I tested the next generation AI assistant.it will blow you away
Will Knight | Wired
“When the fruits of the recent generative AI boom are properly integrated into legacy assistant bots, [like Siri and Alexa], I’m sure it will be more interesting. “A year from now, I think his experience of using a computer will be very different,” Shah says. He says he built vimGPT in just a few days. “Most apps will see fewer clicks, more chats, and agents becoming an integral part of web browsing.”
CRISPR gene therapy appears to treat dangerous inflammatory conditions
Claire Wilson | New Scientist
“Ten people who received a one-time gene therapy administered directly into the body saw a 95 percent reduction in the number of ‘swelling attacks’ during the first six months after the treatment took effect. . Since then, all but one have had no further seizures for at least a year, although one patient who received the lowest dose had one mild seizure. “This is potentially a cure,” says Padmaral Gurgama of Cambridge University Hospitals in the UK, who worked on the new approach.
Apple Vision Pro review: Magic, until it’s gone
Niraj Patel | The Verge
“Vision Pro is an amazing product. From its incredible display and pass-through engineering, to leveraging its entire ecosystem for seamless convenience, to making it almost oblivious to the entire external battery situation. , a first-generation device that only Apple could really make. …But what’s shocking is that some of these core ideas are actually dead ends, meaning they’re never executed well enough for them to become mainstream. Apple may have inadvertently revealed that this is not the case.”
Allen Institute for AI Releases ‘True Open Source’ LLM to Drive ‘Significant Change’ in AI Development
Sharon Goldman Venture Beat
“While other models include model code and model weights, OLMo also provides training code, training data, an associated toolkit, and an evaluation toolkit. In addition, OLMo provides the AI2 states that “all code, weights, and intermediate checkpoints are released under the Apache 2.0 license.” This news comes at a time when open source/open science AI is making great strides, catching up with closed and proprietary LLMs like OpenAI’s GPT-4 and Anthropic’s Claude. ”
A robot that cleans your room without any help
Rhiannon Williams MIT Technology Review
“Robots may be able to easily complete tasks such as: [picking up and moving things] In the laboratory, getting people to work in an unfamiliar environment with little data available is a big challenge. Now, a new system called OK-Robot has the potential to train robots to pick up and move objects in environments they’ve never experienced before. This is an approach that has the potential to bridge the gap between rapidly improving AI models and the capabilities of real robots, as it does not require additional costly and complex training. ”
People are worried that AI will take everyone’s jobs away. I’ve been here before.
David Rotman | MIT Technology Review
“[Karl T. Compton’s 1938] This essay succinctly summarizes the debate on employment and technological advancement in a way that retains its relevance today, especially given today’s concerns about the impact of artificial intelligence. …Although today’s technology certainly looks quite different from that of the 1930s, Compton’s article points out that concerns about the future of employment are not new and, rather than invoking genies or monsters, are is a valuable reminder that it can best be addressed by applying an understanding of ”
Company announces experimental drug blocks the root of pain
Gina Kolata | New York Times
“Announced by Vertex Pharmaceuticals of Boston.” [this week] The company announced that it has developed an experimental drug that reduces moderate to severe pain and blocks pain signals before they reach the brain.
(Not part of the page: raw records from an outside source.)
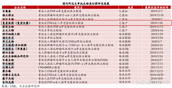 目前,百奥泰、海正药业、信达生物的阿达木单抗类似物已经上市,复宏汉霖的HLX03成为第四个上市的阿达木单抗类似物。
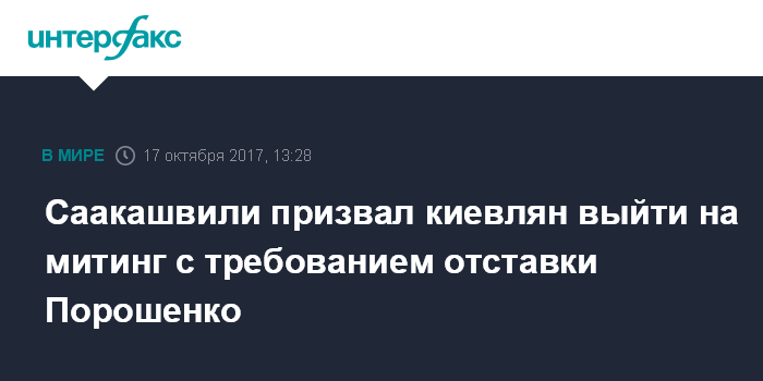 Москва. 17 октября. INTERFAX.RU - Прибывший на митинг у здания парламента Украины лидер "Руха новых сил", экс-глава Одесской областной государственной администрации Михаил Саакашвили призвал потребовать отставки президента Украины Петра Порошенко.
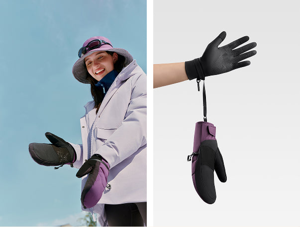 Meet the Beneunder ZeroShield 3-in-1 Snow Mittens — engineered for extreme cold down to -15°C. Featuring ASC Convertible Wear System for seamless switching between full mitten, five-finger, and half-glove modes, these gloves balance snowproof protection with fingertip flexibility. The SnowHipo Shield and TPU windproof membrane lock out icy wind and snow, while AirBloom 4.0 insulation ensures constant warmth with +2.3°C heat boost and ultra-low moisture regain of ≤0.5%. Built with FlexTouch stretch tech for full dexterity and >30,000-cycle abrasion resistance, they’re the ultimate snow gear for ski slopes, backcountry hikes, and urban winters alike.
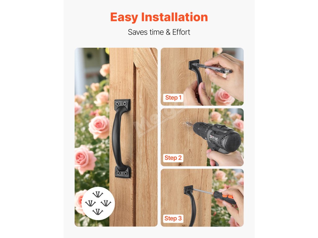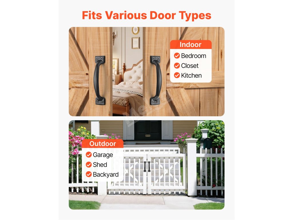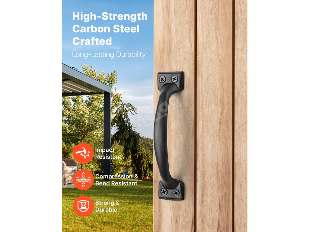 Klika na vrata od plotu, vrata od stodoly, kůlny na nářadí, zahradní brány a dveře na terasu se snadno přizpůsobí různým typům vrat.
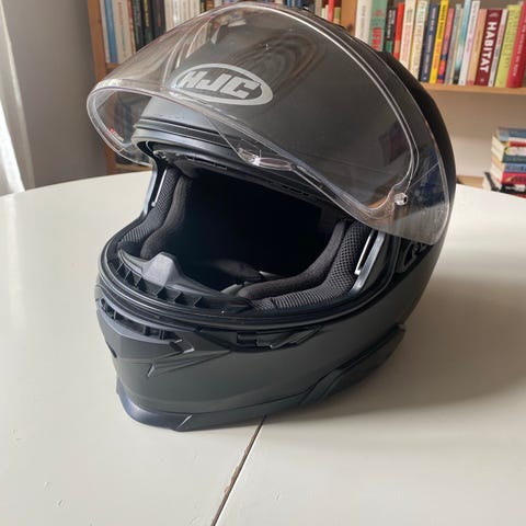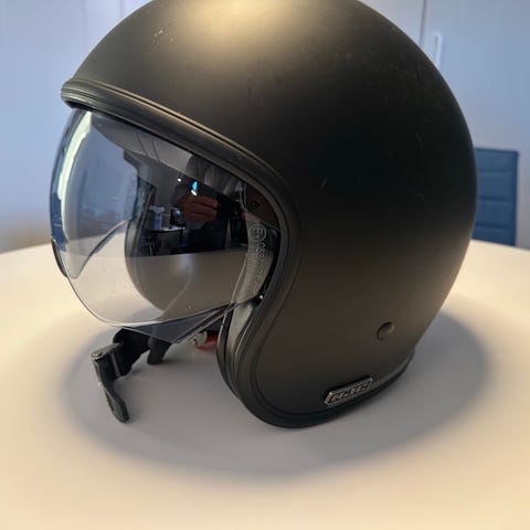 Næsten ny HJC motorcykelhjelm i mat sort farve med aftagelig hagebeskytter. Hjelmen har en integreret solvisir og ventilationsåbninger for forbedret komfort. Designet til at give beskyttelse og funktionalitet til motorcyklister.
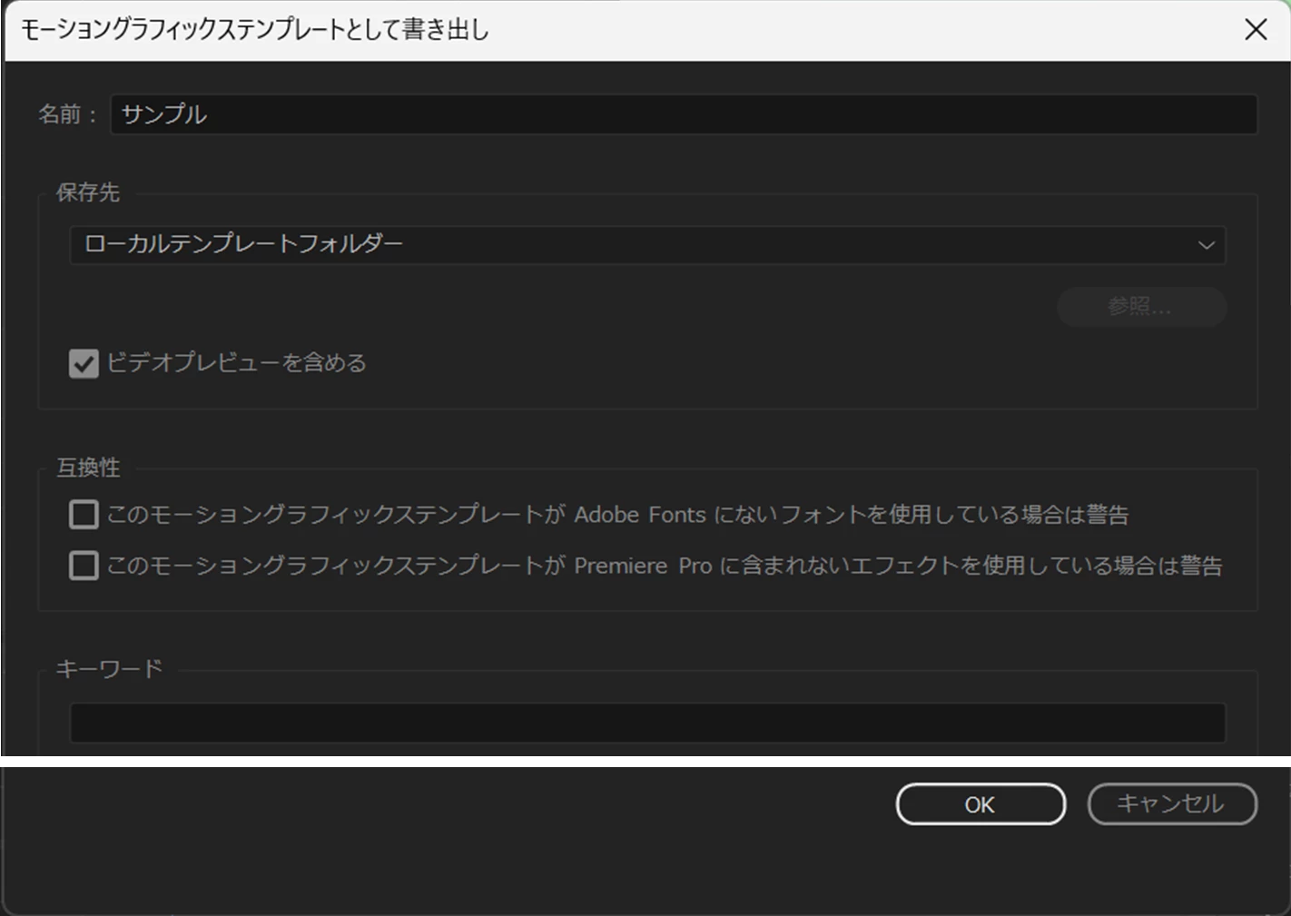 ②このテロップのグラフィッククリップを選択し、メニューの「グラフィックとタイトル」→「モーショングラフィックステンプレートとして書き出し」を選択し、開いた「モーショングラフィックステンプレートとして書き出し」ウィンドウで、「名前」項はわかりやすい名前に変更し、他はそのままで「OK」をクリックします。
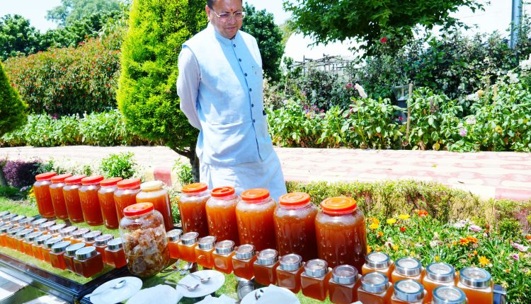 मुख्यमंत्री पुष्कर सिंह धामी ने शनिवार को मुख्यमंत्री आवास परिसर में शहद निकालने की प्रक्रिया का अवलोकन किया
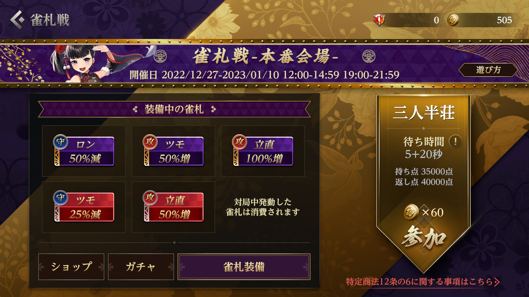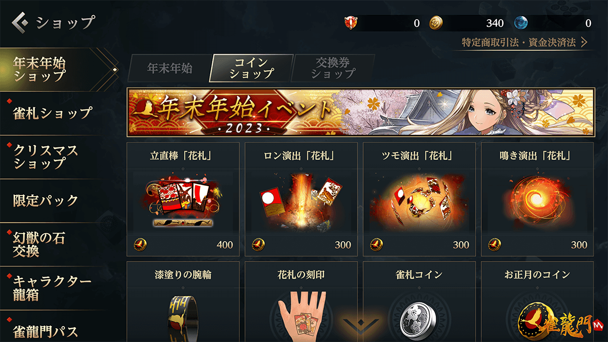 「お正月のコイン」は公式戦(中級卓以上)の対局報酬、イベントミッション報酬、年末年始ショップの商品などから入手が可能です!
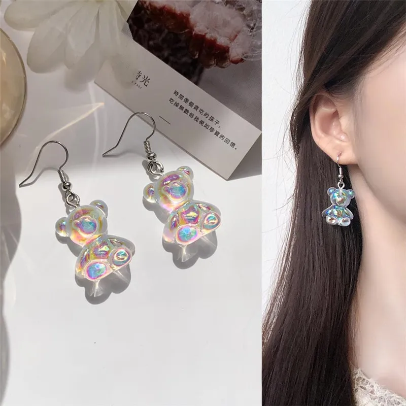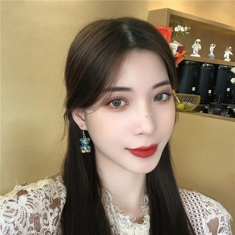 2021 Новая мода милый романтический Bling милый медведь серьги клипсы для женщин и девочек милый Имитация пирсинга из нержавеющей стали, ушные украшения

They differ from opioids because they only affect peripheral nerves outside the brain and spinal cord. Vertex says its new drug is expected to avoid the addictive potential of opioids. ”
Starlab – half the volume of the ISS – fits within the Starship’s payload bay.
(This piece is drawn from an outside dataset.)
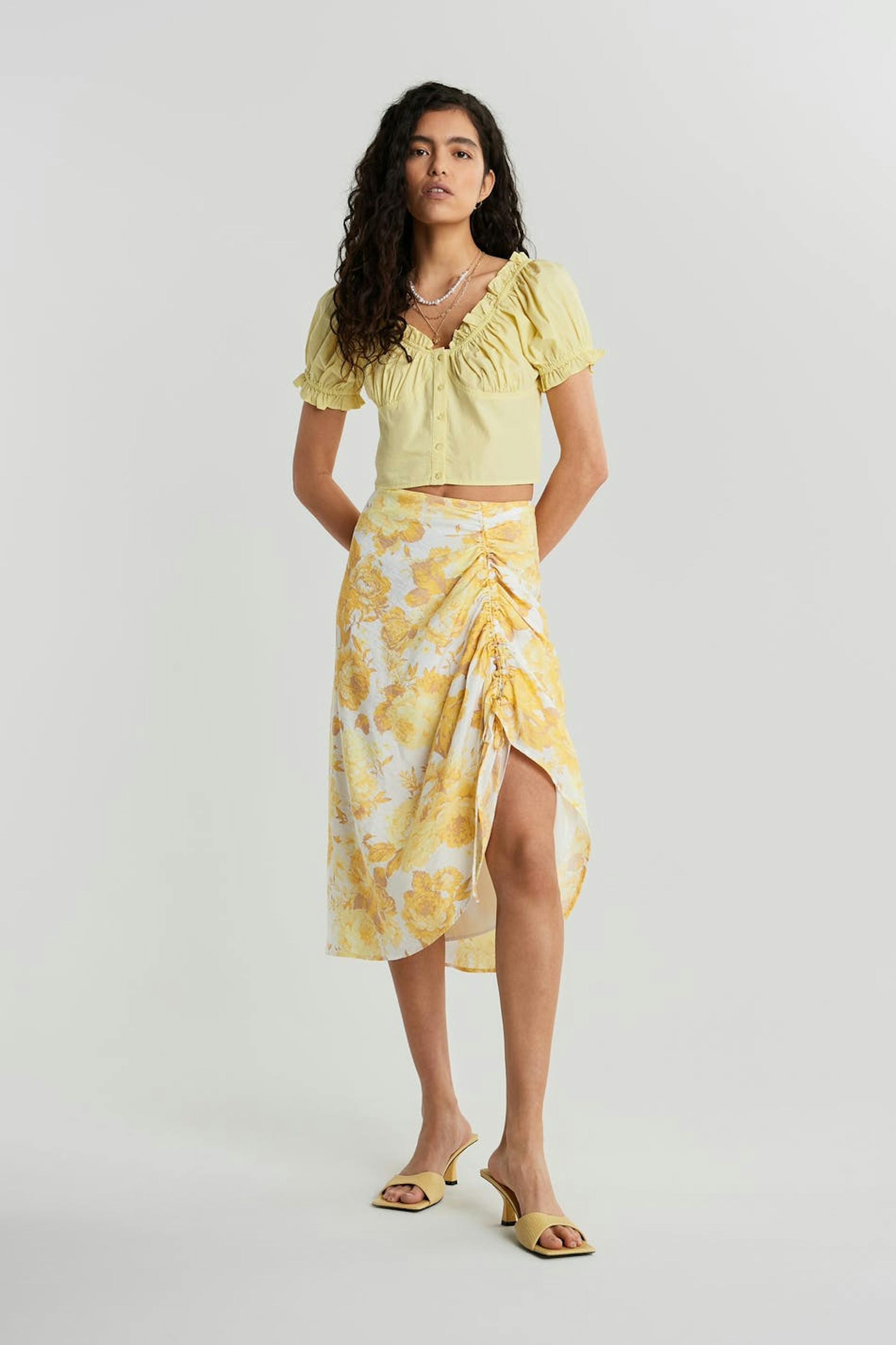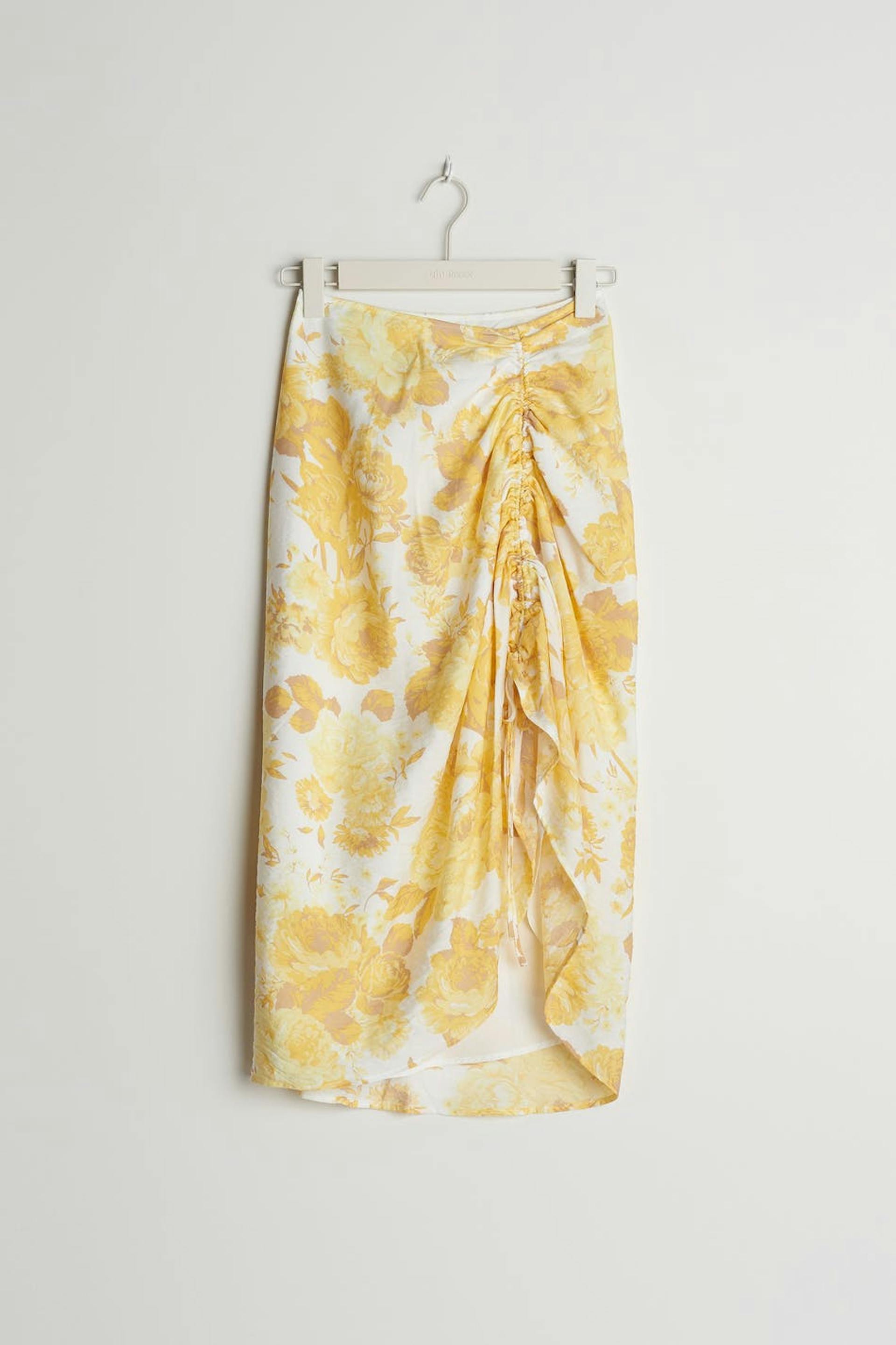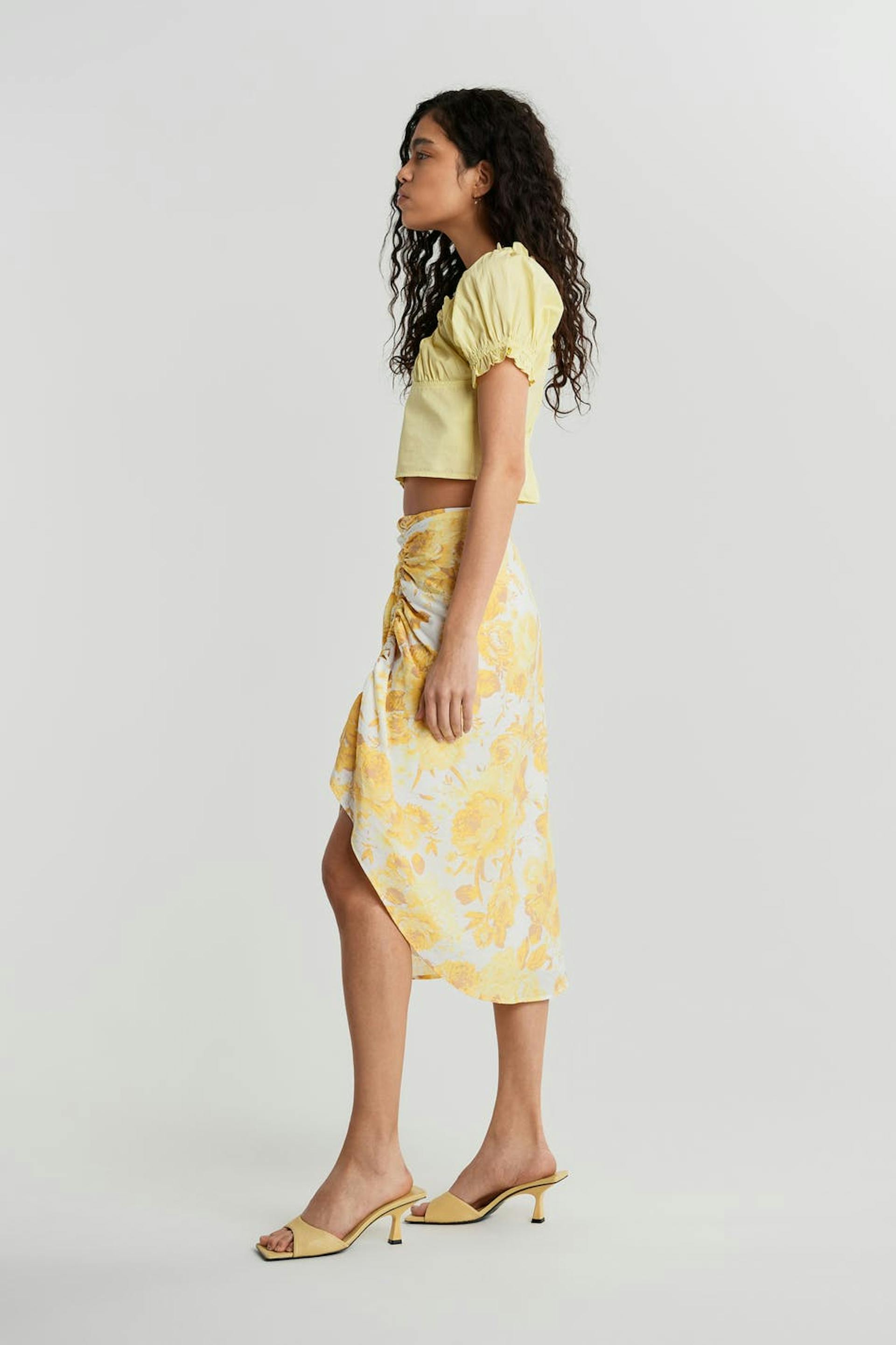 Skirt with a yellow, floral pattern. The skirt has a draped look with gathering and a self-tie drawstring. It has midi length.

Eric Berger | Ars Technica
“We considered multiple launches to get STAR Lab into orbit, but ultimately gravitated toward a single launch option.” [Voyager Space CTO Marshall Smith] Said. “You save a lot on development costs. You save a lot on integration costs. You can build everything on the ground, check it out, test it with payloads and other systems, and launch it. One of the many lessons we have learned from the International Space Station is that building and integrating in space is very expensive.” Once launched on Starship, the StarLab module will be ready for human habitation almost immediately. Smith said it should be ready for the . ”
9 retro-futuristic prophecies that came true
Maxwell Zeff | Gizmodo
“Every year commentators and reporters try to predict where technology will go, but many don’t get it right every year. Who gets it right? Often the world is like pop culture’s past versus its future. By looking to retrofuturism, an older version of the future, we can often predict what direction our developed society will take.”
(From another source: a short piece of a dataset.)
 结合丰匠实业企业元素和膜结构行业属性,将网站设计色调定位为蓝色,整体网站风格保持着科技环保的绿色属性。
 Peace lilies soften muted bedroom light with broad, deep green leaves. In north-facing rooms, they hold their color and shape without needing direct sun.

Can this AI-powered search engine replace Google? I need it too.
Kevin Ruth | New York Times
“Intrigued by the hype, I recently used Perplexity as my default search engine for a few weeks on both desktop and mobile. … After hundreds of searches, Perplexity is not perfect, but it is very While we don’t intend to break up with Google completely, there’s a chance that an AI-powered search engine like Perplexity could loosen Google’s grip on the search market, or at least force it to catch up. I am now convinced that there is.”